Fast time domain integral equation solver for dispersive media with auxiliary Green functions

We describe elements and representative applications of a fast time domain integral equation solver based on the AIM type spatial matrix compression, applicable to problems involving interaction of wide-band pulses with dispersive media. The formulation is both general and significantly simpler than the conventional approaches: instead of using the customary integral equation operators involving the Green function and its derivatives, we construct effective integral equation operators equal to (i) the Fourier transform of the dispersive medium Green function, (ii) the Fourier transform of the product of the dispersive medium Green function with the frequency dependent dielectric permittivity, and, (iii) the Fourier transform of the product of the dispersive medium Green function with the inverse of the dielectric permittivity.

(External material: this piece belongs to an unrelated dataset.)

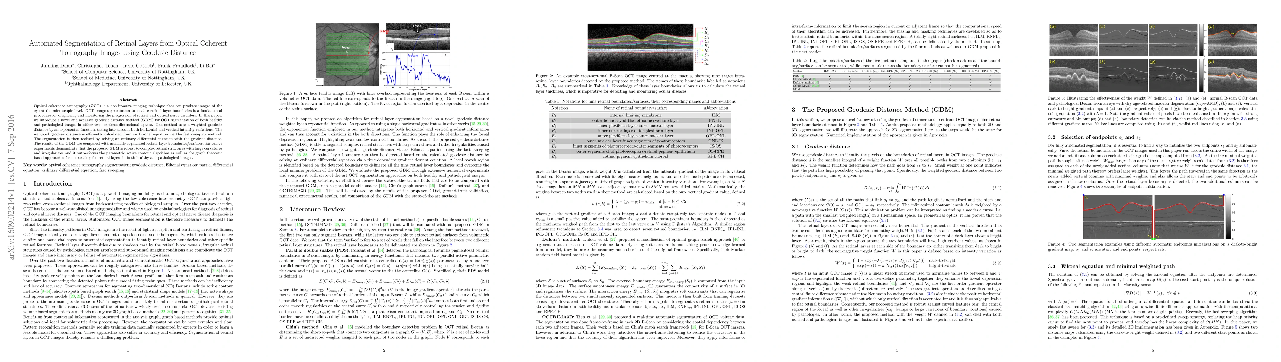 This paper proposes a novel geodesic distance method (GDM) for automated segmentation of retinal layers in OCT images, demonstrating superior performance over existing algorithms in handling complex retinal structures and irregularities. The method efficiently calculates a weighted geodesic distance using the fast sweeping method and solves an ordinary differential equation for segmentation.
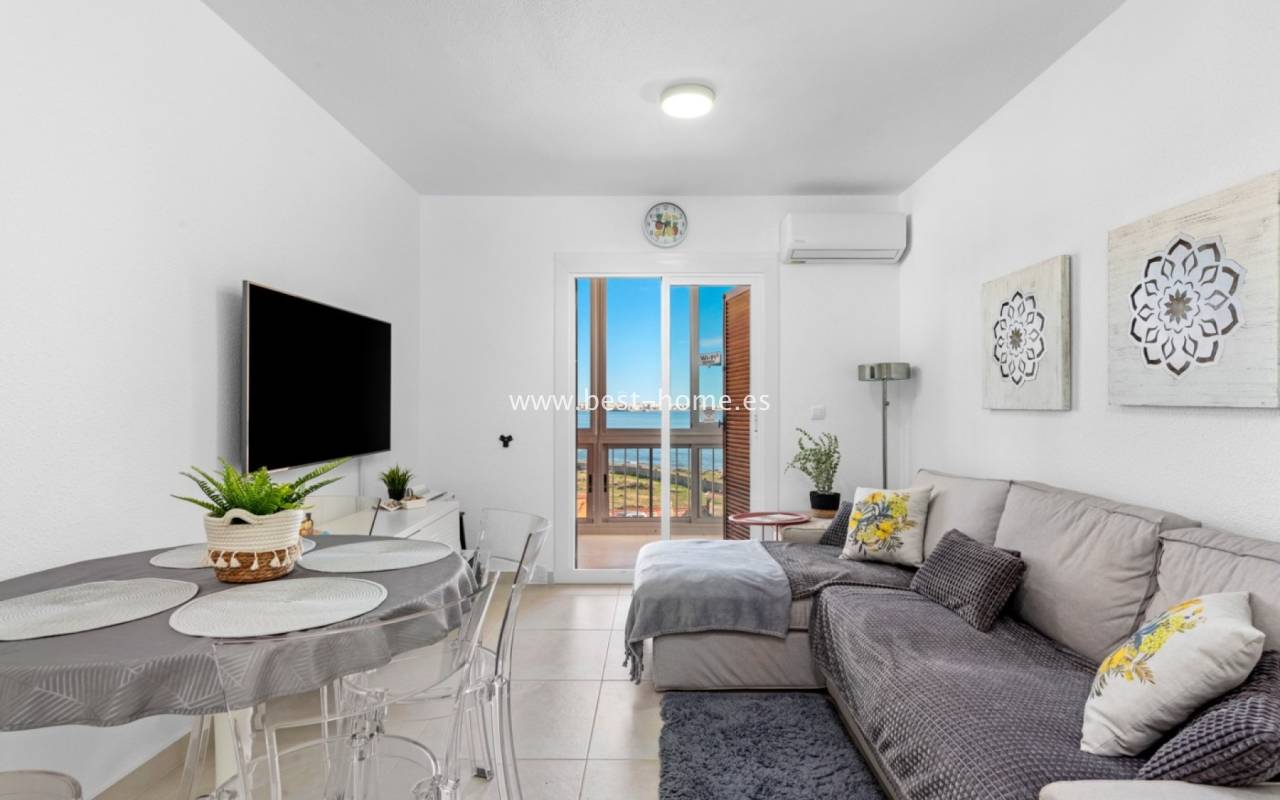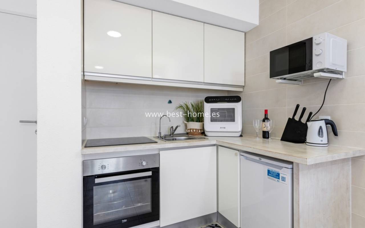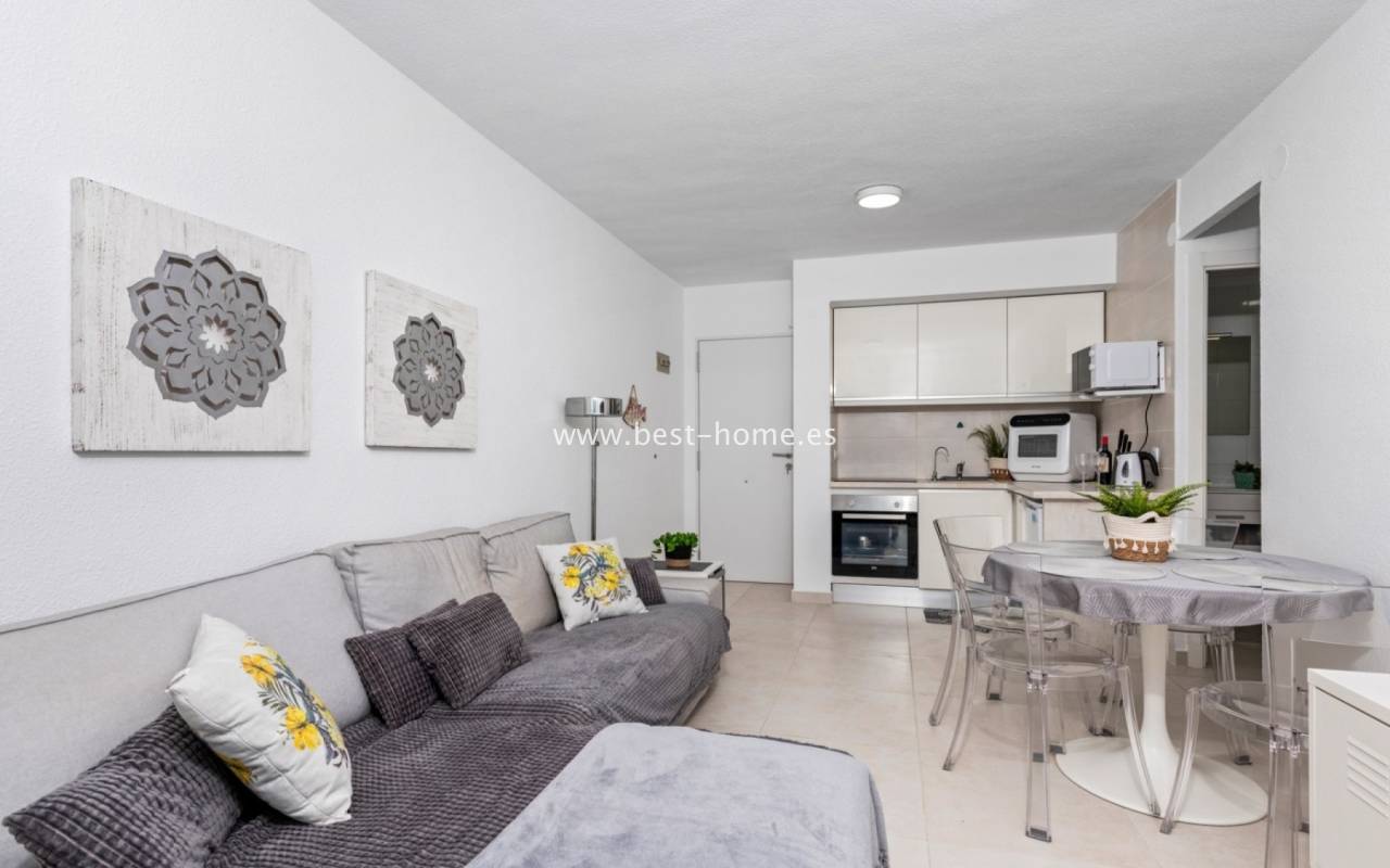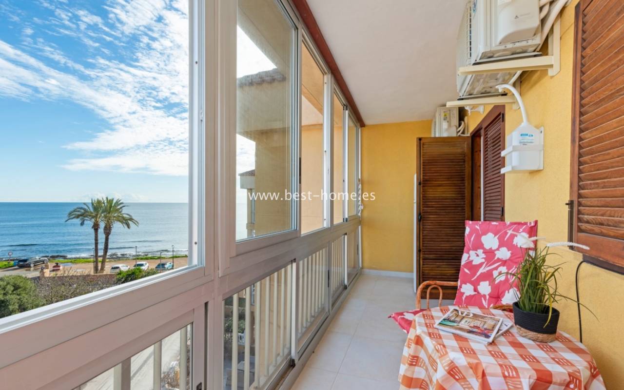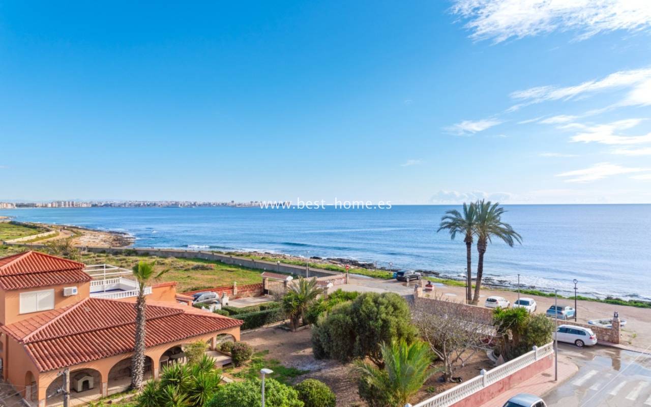 Fantastyczny apartament położony jest w 1 linii brzegowej w Punta Prima. Nieruchomość jest na 3 pietrze (brak widny), składa się z jednej sypialni z łazienką, umeblowanej kuchni i salonu i tarasu, z którego jest piękny widok na morze i tereny zielone. Na terenie osiedla jest wspólny basen.

An important benefit of such an approach is that the resulting integrals involve only single (and not double) time convolutions. The formulation is applicable to systems involving bulk dispersive regions and thin dispersive sheets represented as interfaces. We discuss details of complete analytical calculations and of corresponding numerical procedures for the evaluation of matrix elements of the integral operators, executed in the framework of the full Galerkin scheme in space and time variables, for the "conductive Debye medium" (i.e., for a medium with the electric permittivity given by the Debye formula supplemented with a term responsible for the medium conductivity). The procedure employs a suitable contour integration around singularities of the effective Green function operators in the complex frequency plane. The full Galerkin discretization is used with RGW spatial basis functions and band limited temporal basis functions. Our formulation constitutes the basis for accurate numerical simulation framework for a variety of problems involving wideband pulse propagation, including wideband antenna pattern simulation or propagation of narrow pulses through dispersive media.